SIDE-VIEW: A social identity account of computer-supported collaborative learning


Much is written about the benefits of computer-supported collaborative learning (CSCL) but many accounts report problematic interactions and less than desirable outcomes for attempts at CSCL. A theoretical approach is presented that is grounded in a social identity perspective of groups and seeks to promote and support successful collaborations. Using this approach, along with examples from laboratory and field studies, key concepts such as cohesion, participation, accountability and group norms are addressed and contrasted with more traditional approaches. It is suggested that design features that ‘collectivise’ rather than ‘personalise’ CSCL can promote psychological issues that are crucial for successful collaborations (i.e. group cohesion, accountability to the group, and increased participation), and norms for success can be developed through intergroup comparisons. The theoretical approach is also presented as a platform from which further investigations and predictions can be made.

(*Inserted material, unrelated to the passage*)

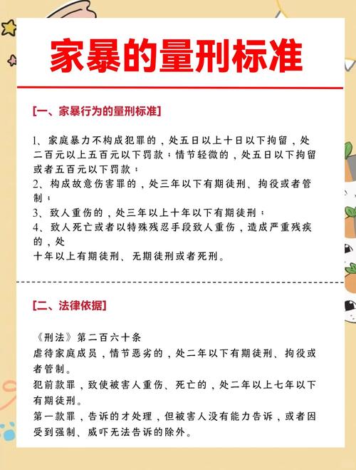 家暴法律判刑赔偿标准如何确定? 第一部分:刑事责任(如何“判刑”)刑事责任是家暴行为中最严厉的惩罚,主要根据家暴行为的严重程度和造成的后果来定罪,常见的罪名和判刑标准如下:故意伤害罪这是最常见的家暴入罪罪名,定义:指非法损害他人身体健康的行为,判刑标准:轻伤(二级或以上):构成故意伤害罪,3年以下有期徒刑、拘役或者管制,重伤:刑罚...
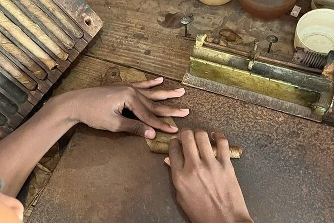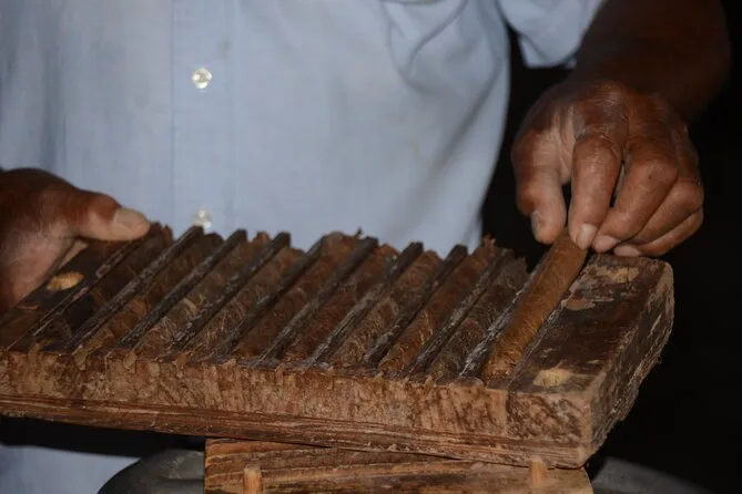 La siguiente parada fue una pequeña fábrica de puros escondida tras unas puertas pintadas. Los trabajadores se movían rápido pero sonreían cuando los mirábamos. Una mujer nos mostró cómo enrollar las hojas de tabaco, con las manos manchadas por años de práctica, y nos ofreció probar un puro acompañado de un chorrito de ron local. De nuevo en la carretera, pasamos por interminables filas de caña de azúcar meciéndose con la brisa. Nuestro guía paró para que intentáramos cortar un poco (el machete pesaba más de lo que parecía) y luego charlamos con gente de un batey cercano que nos saludaba al pasar.

collaborative learning; e-learning; social identity; psychology; cohesion
Author biographies

Paul Rogers

Author photoPaul Rogers (PhD, Manchester University, 2002), Senior Lecturer in Psychology, University of Bolton, UK. Previous posts have included an EPSRC postdoctoral research fellowship and research on EC 5th Framework RTD project. His research focuses on social psychological aspects of computer-mediated communication, e-learning, and in particular small group collaborative learning. Recent research has also investigated interactions in the virtual world of Second Life. He has published a variety of articles, book chapters and presented at a number of international conferences.

Martin Lea

Author photoMartin Lea (PhD, Lancaster University, 1983). Senior Lecturer in Psychology at the University of Manchester, UK. He previously held a postdoctoral fellowship in information technology from the SERC, and a special training fellowship from the Joint Research Council Initiative in Cognitive Science/Human Computer Interaction. He has also worked as a researcher at the Institute of Educational Technology, Open University. His main research interests are in the social psychology and sociology of communication technologies. He has written about computer-mediated communication and the Internet in social psychology, communication, organization science, and human computer interaction journals and books. He previously edited Contexts of Computer-Mediated Communication for Harvester-Wheatsheaf.